The smaller amount of reeds on your mouth call the easier it is to use. Also when i was young and first started turkey huntin I would go out and scout and i would take my calls and call to the birds and they would come in. DO NOT DO IT. As much fun as it is to see them and do that it educates the birds for when the season comes in. And makes it way harder to call them in. Also i believe it was said already. When you have one coming in and its within 100 yards limit your calls to purrs and putts. and use those very sparingly. The secret is to make them find you. Putting them to bed the night before is a huge help also. When scouting looks for areas with lots of scratching and look for droppings. I have alot of luck hunting in the rain for turkeys.
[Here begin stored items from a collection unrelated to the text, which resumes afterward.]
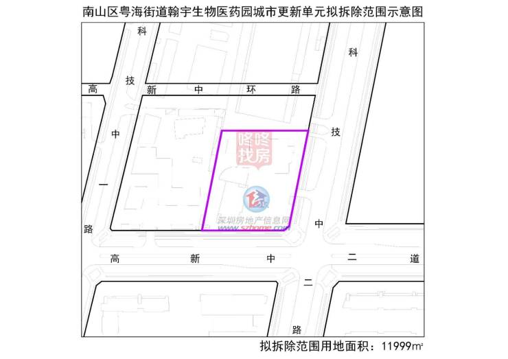 翰宇生物医药园更新项目位于南山区粤海街道,高新中二道与科技中二路交汇处西北侧。项目拆除重建用地面积11999㎡,拟更新方向为新型产业功能。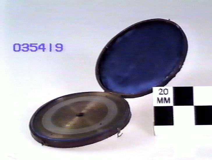 Circular slide rule, brass with steel movable scale, in maroon leather case, made by Kilpatrick & Co., London, circa 1870, and used at Melbourne Observatory.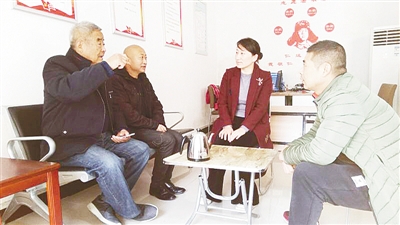 在新風胡同社情速遞服務站,社區(qū)工作人員(右一、右二)正在和居民聊天。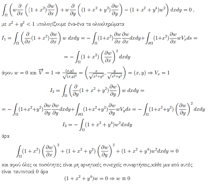 Prove using Green's theorem that the boundary value problem $$\frac{\partial}{\partial{x}}\left ( (1+x^2)\frac{\partial{u}}{\partial{x}}\right )+\frac{\partial}{\partial{y}}\left ( (1+x^2+y^2)\frac{\partial{u}}{\partial{y}}\right ) -(1+x^2+y^4)u=f(x,y), x^2+y^2<1 \\ u(x, y)=g(x,y), x^2+y^2=1$$ has at most one solution.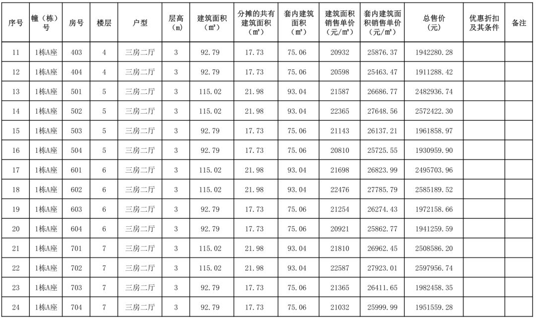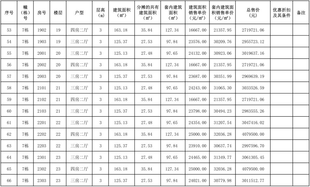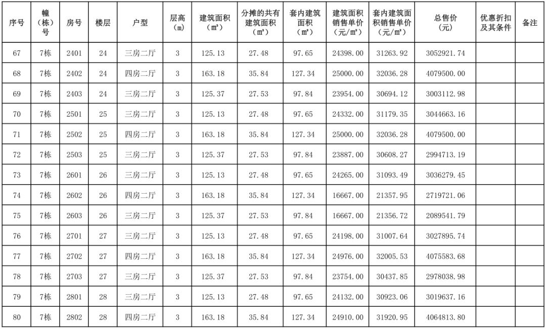 备案价最高为25000元/平,出现在7栋23、24、25层的02单元等,建面约163平。最低价格出现在7栋26层02、03单位,以及2栋23层02、03单位等,建面各不相同,单价均为16667元/平。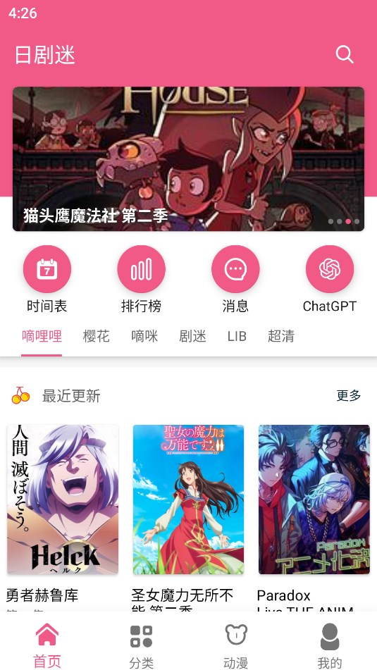 日剧迷是一款受到很多动漫爱好者欢迎的动漫追番软件,国内外所有的热门动漫资源,都能在这里面轻松找到,让你尽情沉浸在精彩的动漫世界中。拥有热血、偶像、职场、异世界、穿越等多种类型的动漫作品,轻松满足每个漫迷的观看需求。软件还带来了高速下载缓存功能,随时都能在手机上追更本季度喜欢的动漫作品。根据动漫迷的搜索与播放喜好,每天都会智能推荐几部精彩的动漫作品,并且实时更新最新的动漫资源,让观众们再也不会找不到番看。

If it rains hunt a field. Turkeys go to fields when it rains. Ive gotten 4 turkeys while hunting during thunderstorms. They gobble at the thunder. its actually really awesome. good luck


----------



## Kenlow1

Agree with all the info given-lots of good tips. I am no expert but have killed my share of long beards. Like stated previously, one of the most important things in turkey hunting is to limit your movement. Just because you may not hear that turkey gobble, that doesn't mean there isn't one close by. I have shot several gobblers after being set up for 1-2 hrs and was getting ready to move when I caught movement 30 yds away-yes he came in silent. The best advice I can give you is to move your eyes, not your head. If you do move your head, very slowly. Turkeys pick up movement. Decoys are good to use too as they will focus the gobblers attention away from you and on the hen or hens. I would not however use a gobbler decoy on public land, just too dangerous. An old timer probably gave me the best info when I was just learning to turkey hunt. You don't have to be an expert caller but more important to have good woodmanship. Knowing the lay of the land, where an obstacle is such as a creek or stream or deep cut. Turkeys may "hang up" and you may have to use available cover and brush to put yourself in position to get in range of the turkey. One of the best calls is not a turkey call at all. Had a gobbler hang up out of range once and he would not budge, I quit calling and we had a Mexican standoff. The old timer told me to use my hand and scratch in the leaves, it worked like a charm! The gobbler thought the hen or hens were losing interest since I had quit calling and he heard the scratching in the leaves simulating feeding turkeys. He had to come check it out and caught a load of 3 inch magnum #6 shot copper pellets.


----------



## jmyers8

As stated right above some scratching off the leaves can be deadly late in the morning.. Mix that with just a couple simple clucks about every half hour and just sit..eventually when the hens are layed up he will come looking for that. I've gotten quite a few that made that mistake it usually works best around ten or after when the hens are on nest.


----------